A billboard featuring President Uhuru Kenyatta with the Kiswahili slogan that translates as: 'security starts with me, security starts with you'. In the context of rising insecurity, crime and terrorist attacks he urges the public to take the initiative and responsibility and report any suspicious person, movement or detail to the security services.

Today (18th December 2014), the Kenyan Parliament will consider passing the Security Laws (Amendment) Bill, 2014.

If passed, the bill would amend a number of different laws and violate Kenya’s obligation under international human rights law. Worryingly, the Kenyan government is seeking a fast-tracked adoption of the Bill on the back of recent terrorist attacks in the country.
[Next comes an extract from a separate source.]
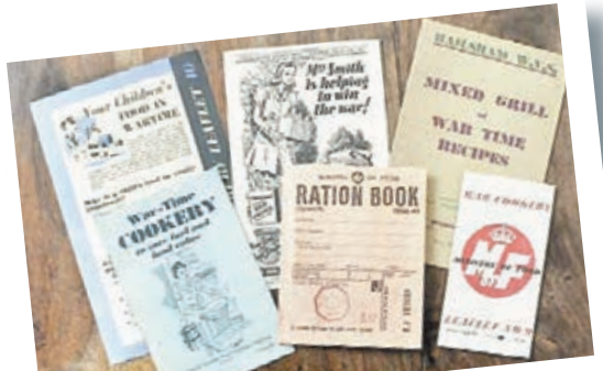
■伊金斯搜羅的二戰食譜。 網上圖片

Far from introducing only minor amendments, the Bill makes several substantive amendments to the Penal Code, Criminal Procedure Code, Evidence Act, Prevention of Terrorism Act and National Services Act, among others. It also creates sweeping surveillance powers for the authorities.

The Kenyan Government seems to have taken the old adage ‘never let a good emergency go to waste’ to extreme levels. Whilst security concerns in Kenya are very real, the Kenyan Government is seeking the approval of this Bill on a fast-tracked timetable without having made the case as to why new legislation is necessary at such short notice.

We sincerely hope the Kenyan Parliament will reject the Bill and ensure that any legislation designed to address threats of terrorism fully meet international standards.

We believe that the Kenyan government has failed to make the case for the Bill to be examined in such a rushed way. In our view, the Bill contains numerous provisions that are in breach of international human rights standards and deserve full parliamentary scrutiny. You can read about our key areas of concern are here.

We note that the Kenyan government already passed the Prevention of Terrorism Act and the National Intelligence Service Act in 2012. It is unclear what new offences or powers the authorities need that they do not already have. In any event, it is incumbent on the government to make the case for new sweeping investigatory powers, in particular as regards communications surveillance.